• **HOW TO COMPLETE THIS TASK**
Give the data below again exactly as written, but without the pictures.

• **PROVIDED DATA**

···

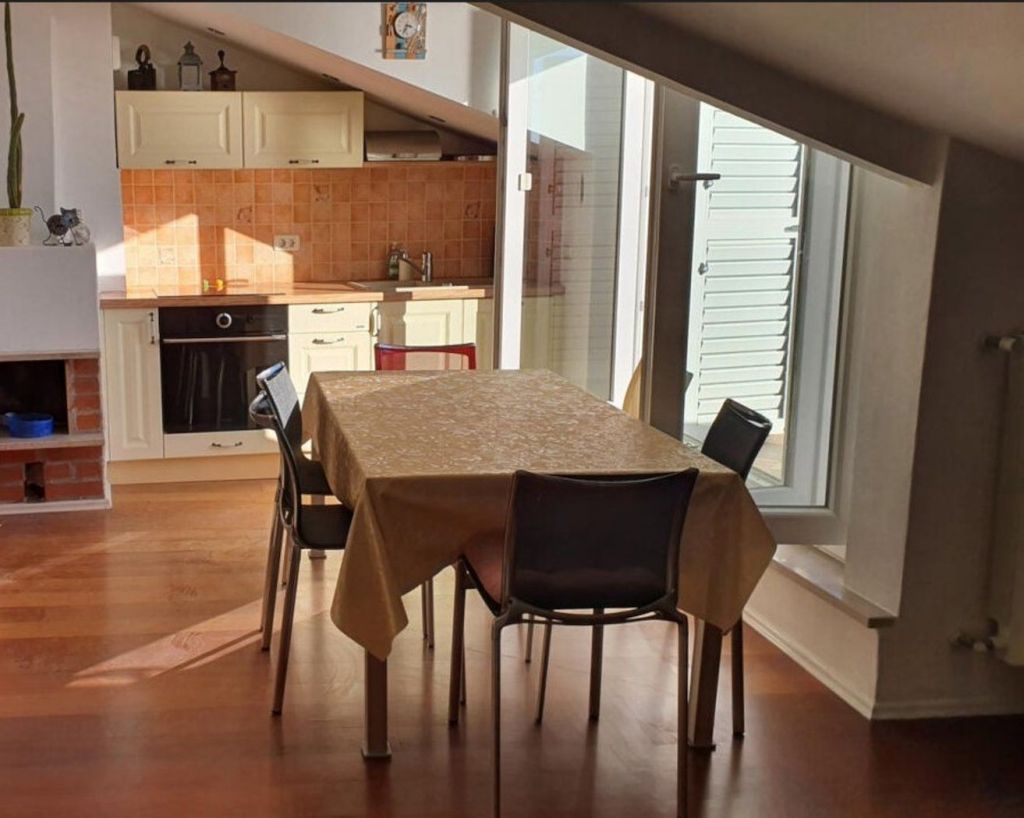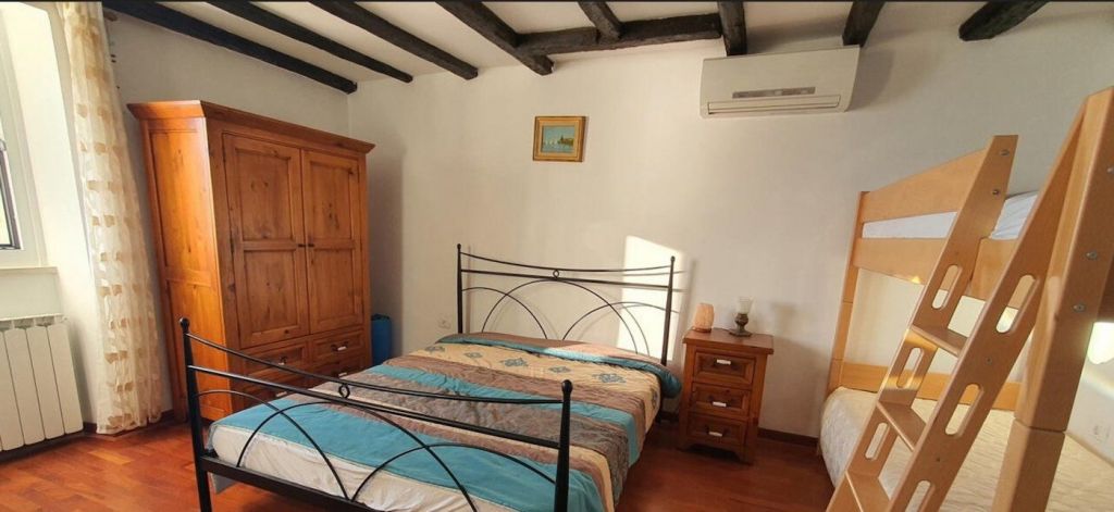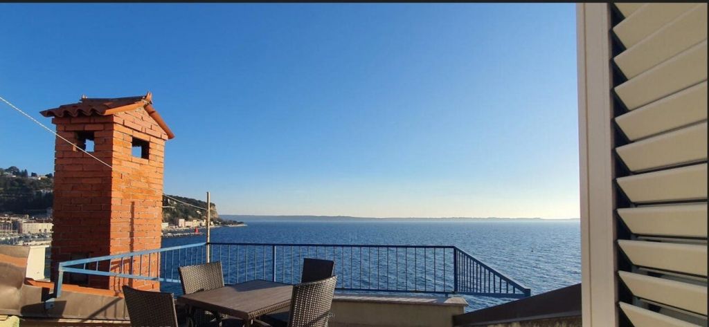The lower part of the apartment consists of an entrance hall, two bedrooms, a bathroom and a staircase leading to the attic.On the attic floor there is a living room, a kitchen-dining room and access to a terrace with views of the sea and Piran in all directions.The apartment is heated and cooled by air conditioners and radiators.The apartment will be available from September 1st.
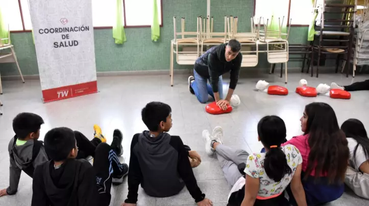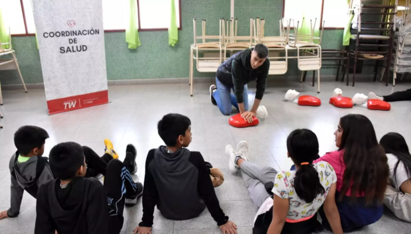 La capacitación forma parte del programa “Trelew Ciudad Cardioprotegida” y busca que más chicos sepan cómo actuar ante una emergencia.
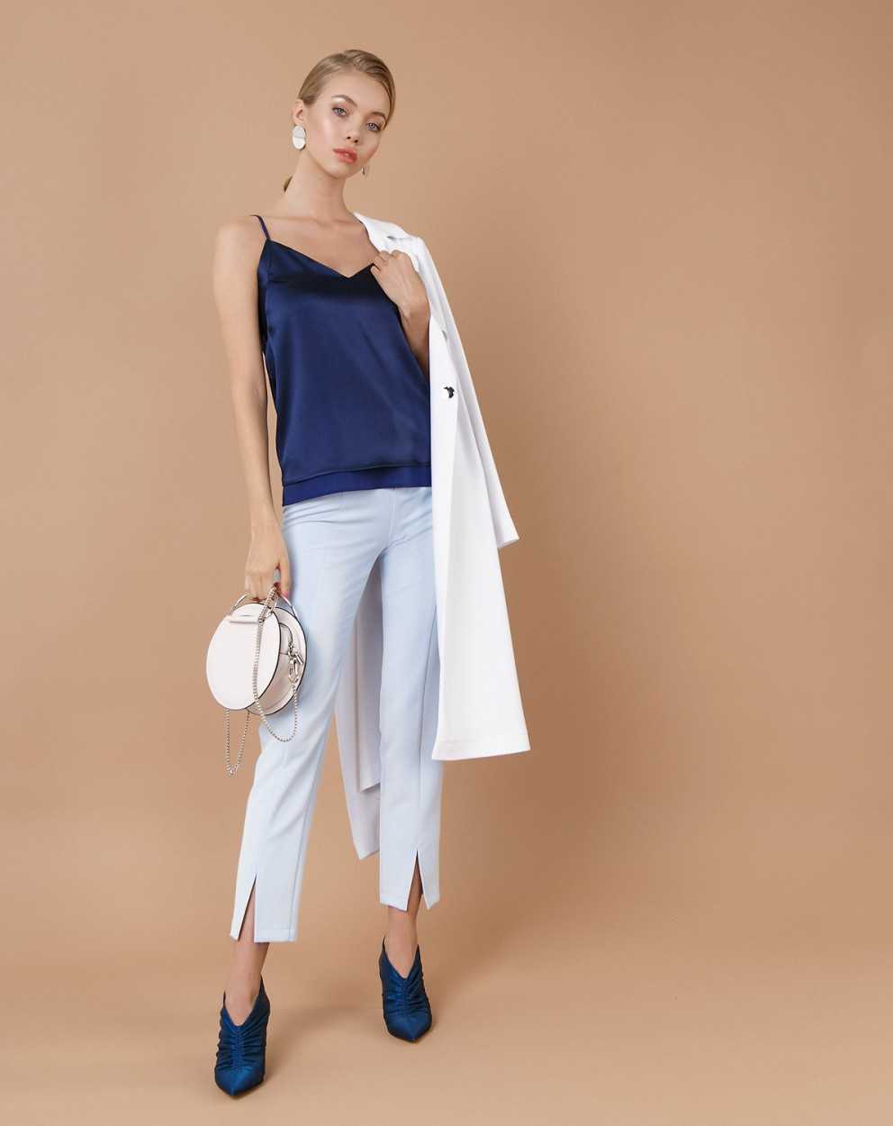Одна из модных тенденций этого сезона – сорочки и топы в спокойных темно-синих тонах, представленные на фото.

···

• **ANSWER FOR THIS EXERCISE**
The lower part of the apartment consists of an entrance hall, two bedrooms, a bathroom and a staircase leading to the attic.On the attic floor there is a living room, a kitchen-dining room and access to a terrace with views of the sea and Piran in all directions.The apartment is heated and cooled by air conditioners and radiators.The apartment will be available from September 1st.
 La capacitación forma parte del programa “Trelew Ciudad Cardioprotegida” y busca que más chicos sepan cómo actuar ante una emergencia.
Одна из модных тенденций этого сезона – сорочки и топы в спокойных темно-синих тонах, представленные на фото.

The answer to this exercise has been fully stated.